▼▼▼

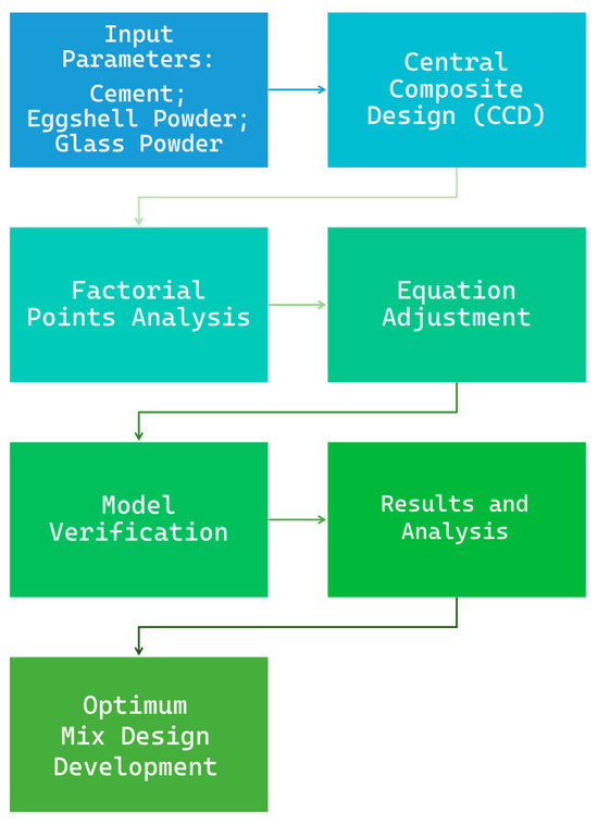 A thorough mathematical and statistical technique for modeling and assessing experimental problems is the response surface method (RSM) [35]. Multiple simultaneously varying factors are fitted to a quadratic function in RSM [36]. Compared to the laborious one-element-at-a-time strategy, which also ignores the interactions between factors, RSM provides a number of advantages for optimization [37]. RSM uses a mathematical model to forecast the desired qualities by proportioning the constituent materials to create an ideal blend [38]. This method is frequently used for experiment design and optimization, but its application in the concrete industry is very limited [39]. Moreover, RSM has been used in different studies on cement and concrete [40,41,42], but it has not been used much with concrete that has WGP and ESP. Therefore, the primary focus of this study is on applying RSM to forecast and optimize the compressive strength of ESP and WGP concrete. Lately, there has been an increase in interest among researchers in investigating the suitability of ANN machine learning modeling techniques and RSM (non-machine learning technique) for identifying practical solutions to problems. In order to compare the impacts of eggshell powder and recycled waste glass on concrete compressive strength, this study uses RSM and ANN to substitute cement and fine aggregate partially. In this study, ANN and RSM models were constructed using experimental data. The statistical measurements of mean square error (MSE), coefficient of determination (R2), and correlation coefficient (R) were used to assess and compare the accuracy of the created models. To the best of the authors’ knowledge, this is the first study to compare RSM with ANN for the purpose of forecasting mechanical qualities, including waste materials like eggshell powder and recycled waste glass.
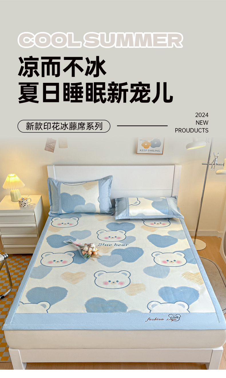 (总)2025新款印花冰藤凉席-学生款,杯具熊,冰块蓝,粉熊猫,可哒鸭,萝卜兔,太空人,小兰花,小企鹅
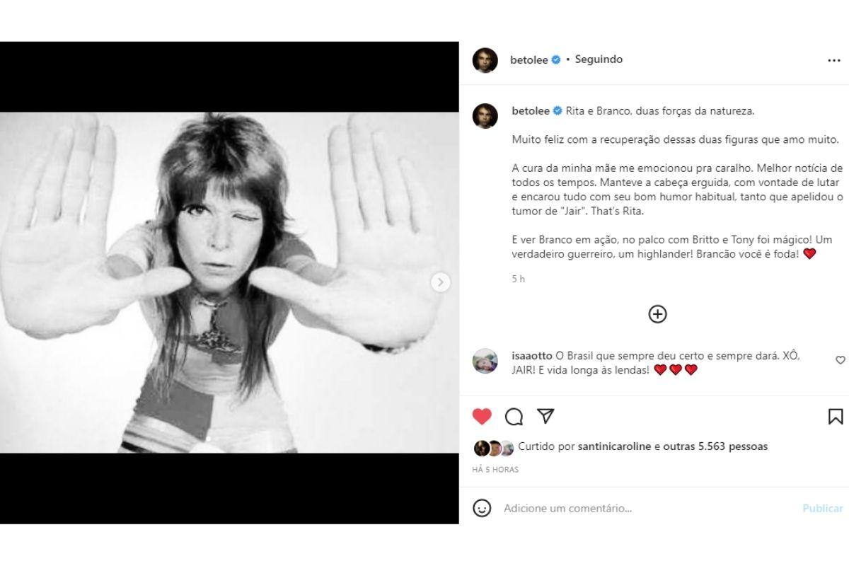 Beto Lee, filho de Rita Lee, usou as redes sociais nesta terça-feira, 12 de abril, para compartilhar um relato após a notícia da cura do câncer da cantora. Rita Lee estava enfrentando um tumor no pulmão e conseguiu vencer a batalha. A notícia sobre a saúde da cantora também foi revelada nesta segunda-feira, 12 de abril.
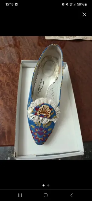 Traje de fallera con un diseño elegante y tradicional. - Tejido brocado en tonos azul y dorado. - Cuello de encaje con detalle de lazo. - Mangas con volantes de encaje blanco. -zapatos talla 39/40 -espardeñas 39/40
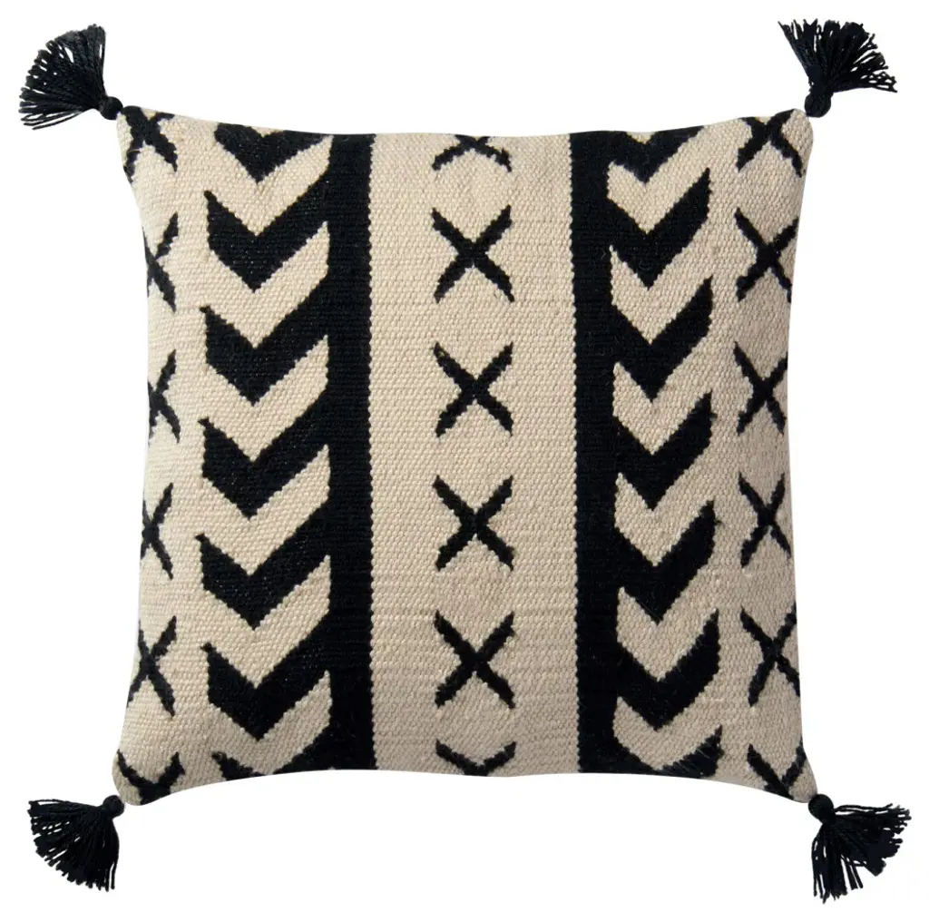 18"x 18" P0502 Indoor/outdoor Black / Ivory Throw Pillow By Loloi
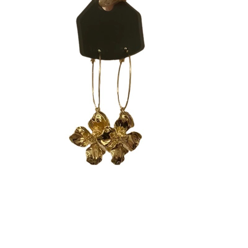银针大圆环金属花朵耳环轻奢小众高级感耳钉夸张宴会气质耳饰批发
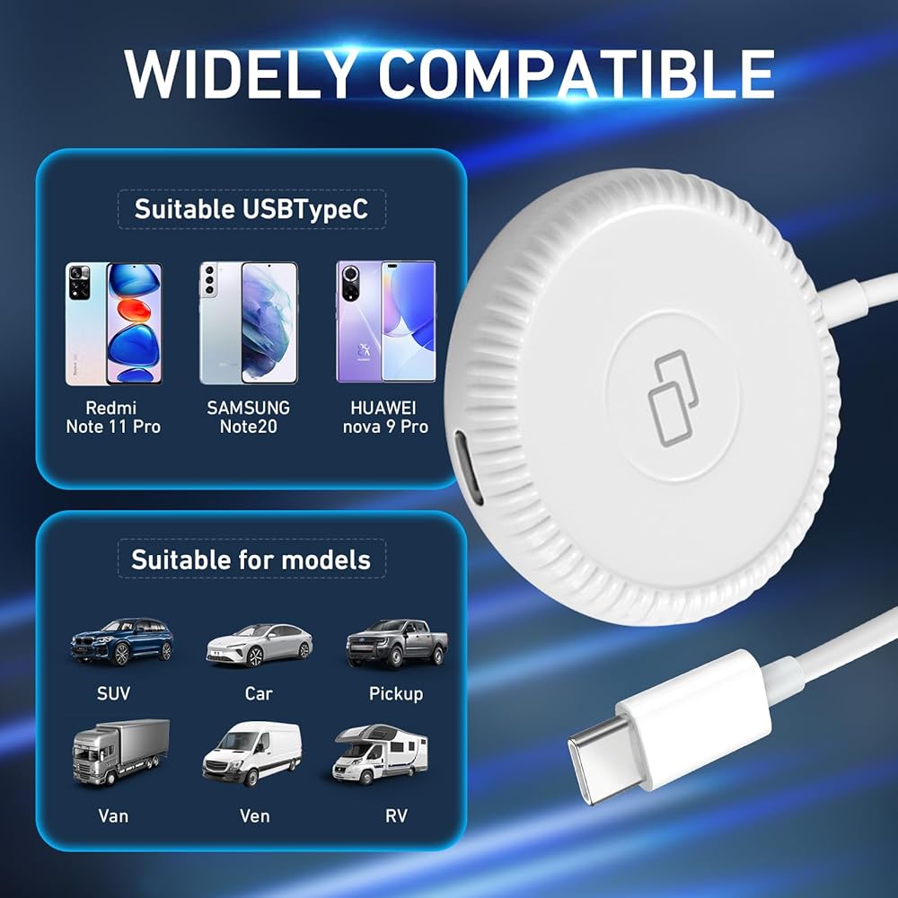 EASY TO USE: We make connection quick and easy with just 2 simple steps. Plug and play without any additional drivers or applications to install. Connect the mobile phone first, and then connect to your car's central control to complete the connection.
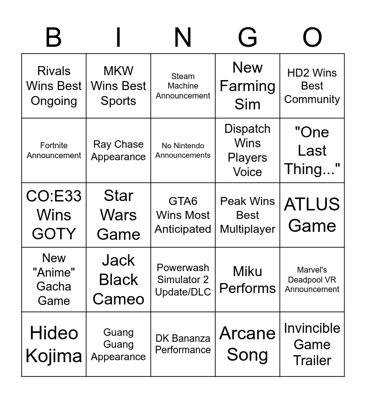 This bingo card has a free space and 24 words: Jack Black Cameo, Guang Guang Appearance, No Nintendo Announcements, Hideo Kojima, HD2 Wins Best Community, Rivals Wins Best Ongoing, Fortnite Announcement, MKW Wins Best Sports, Peak Wins Best Multiplayer, Powerwash Simulator 2 Update/DLC, Dispatch Wins Players Voice, CO:E33 Wins GOTY, Miku Performs, Marvel's Deadpool VR Announcement, Ray Chase Appearance, Arcane Song, ATLUS Game, Steam Machine Announcement, "One Last Thing...", Star Wars Game, Invincible Game Trailer, New "Anime" Gacha Game, New Farming Sim and DK Bananza Performance.
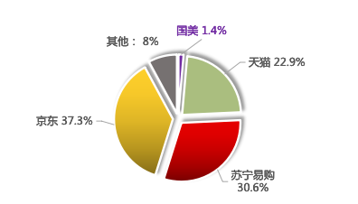 而从国美方面考量,国美零售线上市场渠道拓展乏力。据全国家用电器工业信息中心编制的《2019年中国家电行业年度报告》显示,2019年,中国家电行业线上市场零售额规模为3108亿元,同比增长4.2%,市场份额达到38.7%。而国美零售线上份额占比仅为1.4%,远远落后于京东、苏宁易购集团股份有限公司(下称苏宁易购,002024.SZ)及浙江天猫技术有限公司(下称天猫)。
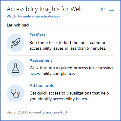 ![[Web 用アクセシビリティ インサイト] の [起動パッド] メニューのスクリーンショット。](media/accessibility-insights-web.png)

▲▲▲

> _TASK STATEMENT_: What you should produce is an exact copy of the records, with the pictures left out.

> _TASK ANSWER_:
 A thorough mathematical and statistical technique for modeling and assessing experimental problems is the response surface method (RSM) [35]. Multiple simultaneously varying factors are fitted to a quadratic function in RSM [36]. Compared to the laborious one-element-at-a-time strategy, which also ignores the interactions between factors, RSM provides a number of advantages for optimization [37]. RSM uses a mathematical model to forecast the desired qualities by proportioning the constituent materials to create an ideal blend [38]. This method is frequently used for experiment design and optimization, but its application in the concrete industry is very limited [39]. Moreover, RSM has been used in different studies on cement and concrete [40,41,42], but it has not been used much with concrete that has WGP and ESP. Therefore, the primary focus of this study is on applying RSM to forecast and optimize the compressive strength of ESP and WGP concrete. Lately, there has been an increase in interest among researchers in investigating the suitability of ANN machine learning modeling techniques and RSM (non-machine learning technique) for identifying practical solutions to problems. In order to compare the impacts of eggshell powder and recycled waste glass on concrete compressive strength, this study uses RSM and ANN to substitute cement and fine aggregate partially. In this study, ANN and RSM models were constructed using experimental data. The statistical measurements of mean square error (MSE), coefficient of determination (R2), and correlation coefficient (R) were used to assess and compare the accuracy of the created models. To the best of the authors’ knowledge, this is the first study to compare RSM with ANN for the purpose of forecasting mechanical qualities, including waste materials like eggshell powder and recycled waste glass.
 (总)2025新款印花冰藤凉席-学生款,杯具熊,冰块蓝,粉熊猫,可哒鸭,萝卜兔,太空人,小兰花,小企鹅
 Beto Lee, filho de Rita Lee, usou as redes sociais nesta terça-feira, 12 de abril, para compartilhar um relato após a notícia da cura do câncer da cantora. Rita Lee estava enfrentando um tumor no pulmão e conseguiu vencer a batalha. A notícia sobre a saúde da cantora também foi revelada nesta segunda-feira, 12 de abril.
 Traje de fallera con un diseño elegante y tradicional. - Tejido brocado en tonos azul y dorado. - Cuello de encaje con detalle de lazo. - Mangas con volantes de encaje blanco. -zapatos talla 39/40 -espardeñas 39/40
 18"x 18" P0502 Indoor/outdoor Black / Ivory Throw Pillow By Loloi
银针大圆环金属花朵耳环轻奢小众高级感耳钉夸张宴会气质耳饰批发
 EASY TO USE: We make connection quick and easy with just 2 simple steps. Plug and play without any additional drivers or applications to install. Connect the mobile phone first, and then connect to your car's central control to complete the connection.
 This bingo card has a free space and 24 words: Jack Black Cameo, Guang Guang Appearance, No Nintendo Announcements, Hideo Kojima, HD2 Wins Best Community, Rivals Wins Best Ongoing, Fortnite Announcement, MKW Wins Best Sports, Peak Wins Best Multiplayer, Powerwash Simulator 2 Update/DLC, Dispatch Wins Players Voice, CO:E33 Wins GOTY, Miku Performs, Marvel's Deadpool VR Announcement, Ray Chase Appearance, Arcane Song, ATLUS Game, Steam Machine Announcement, "One Last Thing...", Star Wars Game, Invincible Game Trailer, New "Anime" Gacha Game, New Farming Sim and DK Bananza Performance.
 而从国美方面考量,国美零售线上市场渠道拓展乏力。据全国家用电器工业信息中心编制的《2019年中国家电行业年度报告》显示,2019年,中国家电行业线上市场零售额规模为3108亿元,同比增长4.2%,市场份额达到38.7%。而国美零售线上份额占比仅为1.4%,远远落后于京东、苏宁易购集团股份有限公司(下称苏宁易购,002024.SZ)及浙江天猫技术有限公司(下称天猫)。
 ![[Web 用アクセシビリティ インサイト] の [起動パッド] メニューのスクリーンショット。](media/accessibility-insights-web.png)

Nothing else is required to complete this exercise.